Market conditions created by the pandemic are compelling underwriters to price risk more accurately and provide quicker services
Advanced analytics is enabling underwriters to build bespoke solutions while artificial intelligence is driving greater personalization
Innovative business models and collaboration platforms are ensuring seamless management of customer lifecycles to drive enhanced experience
As the insurance sector continues to face major challenges to its business models, services and profitability brought about by the pandemic, the pressure is on underwriters to price risk more accurately and swiftly than ever.

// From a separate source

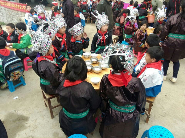 一个个忙碌的身影在操场上不停地穿梭着……一会儿功夫,桌上摆满了热气腾腾的饭菜:一份蕨菜,一份白菜,一份鸡肉和一份黄豆炒鸡蛋!每桌围坐了十多个孩子。在孩子的邀请下,我也加入到他们就餐队伍中。他们谦让有礼,特别友好,虽然有的孩子非常腼腆,但对我们却甚为照顾。通过交谈,我得知今天这样的“盛宴”是他们过年时才能上桌的美食,也许他们特别想大快朵颐,但他们却相互夹菜,互相照顾。这里的老师和村民都非常的朴实和热忱,他们由校长带头,为每一个客人献上家乡的米酒,送上最真诚的祝福!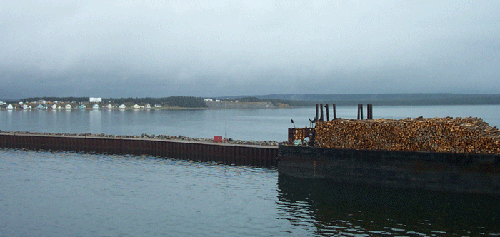 Passage de la forêt à la taïga puis à la toundra. À Port-Menier, sur l'île Anticosti, transformation du bois. Les billes de bois sont appelées des pitounes. La dernière photo prise sur le quai au matin donne l'ambiance de notre escale !

This is especially true of those working in hard hit segments. According to Fitch Ratings, US insurers in the Property and Casualty (P&C) segment suffered losses to the tune of USD 6.8 Billion due to COVID-191. Underwriters are now adopting digital technologies to speed up processes, reduce errors, improve customer satisfaction and drive profitability. Here are four key trends in underwriting that are driving profitability, agility and competitive advantage.
The amount of data available to underwriters has exploded in recent years as a result of social media and digital in general. However, this vast amount of data can be overwhelming. Data analytics, data mining and predictive modeling help in analyzing large volumes of data to provide more accurate and timely insights into a customer’s risk profile. Increasingly, this will include data collected through wearables and telematics that are analyzed along with data collected via other sources such as customer history and social media feeds.
Underwriters are creating more bespoke solutions better suited to customers’ needs based on more accurate risk profiles. Data analytics and predictive modeling help monitor specific patterns and trends of customer behavior. The result is better underwriting decisions and more appropriate pricing and, in the long term, greater profitability. Low-risk profiles are handled with automated quote generation systems, leaving high-risk profiles to be processed by experienced underwriters, thereby improving speed and accuracy.
A growing number of underwriters are using Artificial Intelligence (AI) to improve their pricing. Policies can be priced, sold and bound in near real-time, speeding up workflows. Apart from increased personalization of customer service, AI can also help insurers offer suggestions to customers for reducing their annual premiums and addressing key problems. AI can provide real-time underwriting analysis, enabling insurers to offer quotes instantly to customers.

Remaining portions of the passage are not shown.